Even the casual baseball fan knows all about Kirk Gibson and his legendary walk-off home run. The serious baseball fan knows Dennis Eckersley gave up the home run. The dedicated Dodgers fan knows Mike Davis drew the walk ahead of Gibson.
But even the most diehard among Dodgers fans would struggle to identify the winning pitcher that night.
Blake Treinen, meet Alejandro Pena.
Freddie Freeman made a winner out of Treinen and all the Dodgers on Friday, blasting the first walk-off grand slam in the 121-year history of the World Series, sending a city into delirium and prompting instant mashups of the Gibson and Freeman home runs.
Treinen rescued the Dodgers in the ninth inning of Game 1 against the mighty New York Yankees. The Dodgers rescued him in the 10th inning, when Freeman hit a home run so dramatic it was branded as legendary as soon as it landed.
“That,” Treinen said, “was pretty sick.”
Treinen has emerged as the most dependable arm in a deep bullpen. He gave up one run in August, no runs in September. He had given up one run in October.
In the ninth inning of a tie game, the Dodgers asked Treinen to replace Michael Kopech with the potential winning run on second base. The Dodgers walked Juan Soto intentionally, so Treinen would face presumptive American League most valuable player Aaron Judge.
“There is peace about it,” Treinen said. “There is a peace when you go out and just let it be what it is. You can let the situation get big, or you can just try to live in it and enjoy it.”
Treinen called it a “pick your poison” situation. Neither Soto nor Judge is a welcome sight at the plate, but with Judge the Dodgers had the right-handed Treinen facing a right-handed batter.

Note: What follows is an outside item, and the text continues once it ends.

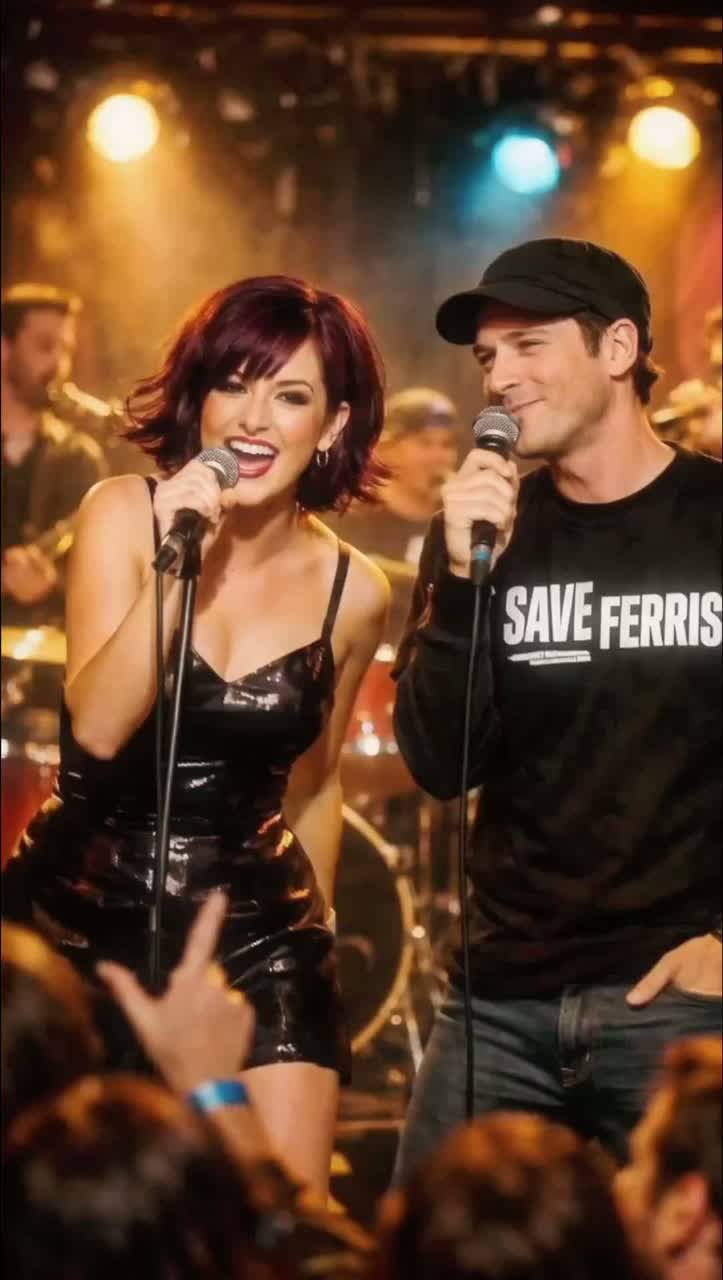 Female–male duet, high-energy 90s SoCal ska-brass party track at a fast tempo (170–175 BPM) with a raw, live band feel and nonstop forward motion, Female vocalist leads in a comfortable mid-range alto with clipped, rhythm-first, conversational phrasing—confident, sly, playful, Male vocalist matches her mid-range register with dry, quick responses landing on or just behind the beat, Verses and pre-choruses trade flirt-forward banter; choruses are sung together in unison, melodic and chantable, Instrumentation drives the chaos: tight live drums with aggressive fills, flams, and false dropouts that snap back in, nonstop upstroke ska guitar skanking through stops, walking funk bass pushing momentum, and explosive brass (trumpet, trombone, sax) Extra percussion builds late sections, exploding into a wild, stacked final chorus

Jack Flaherty, the Dodgers’ starter, struck out Judge three times.
“He’s not a guy that you necessarily go in looking to strike out,” Treinen said, “because he is a great hitter. But every hitter gives you a window every now and again. Right there, we were just trying to get some weak contact, or at least change the eye level, and fortunately we got a popup.”
Said Kopech: “Blake has cleaned up after me already some in this postseason, so for him to come and do what he needed to do right there was huge.”
As Treinen returned to the dugout, Kiké Hernández asked him a question.
“Do you want me to end this?” Hernández asked.
That would not be the scripted ending on this evening. The Dodgers were retired in order in the ninth, with Hernández flying out to end the inning.
In the 10th, Treinen gave up a run when Jazz Chisholm Jr. singled, stole second base, stole third base and scored on a force play. During the regular season, eight of nine runners stole successfully against Treinen.
The Yankees led, 3-2.
“Initially,” Treinen said, “pretty bummed that I would be the one with an L next to my name.”
Hernández again told Treinen the Dodgers would pick him up. After the game, Hernández said he had anticipated Shohei Ohtani would hit the walk-off home run.
“Fairy-tale ending,” Hernández said.
Instead, Freeman hit the walk-off home run — and how about the guy who barely could walk delivering his own fairy-tale ending?
“It was barely off the bat before I started blacking out and trying to get to the field. I almost fell over the rail,” Kopech said. “Freddie is a bad man.”
Treinen rushed the plate to join the teammates enveloping Freeman in a huge hug reminiscent of 1988.
“I don’t think I’ve ever seen a team stay on the field for 20 minutes after the final play just to watch in awe and soak in the fans,” Treinen said. “That was the most incredible moment in baseball I’ve been blessed to see.”
Legendary hero: Freeman.
Winning pitcher, with the first World Series victory of his career: Treinen.
“I never thought of that,” Treinen said. “Add it to the list of gratitude for the big guy upstairs.”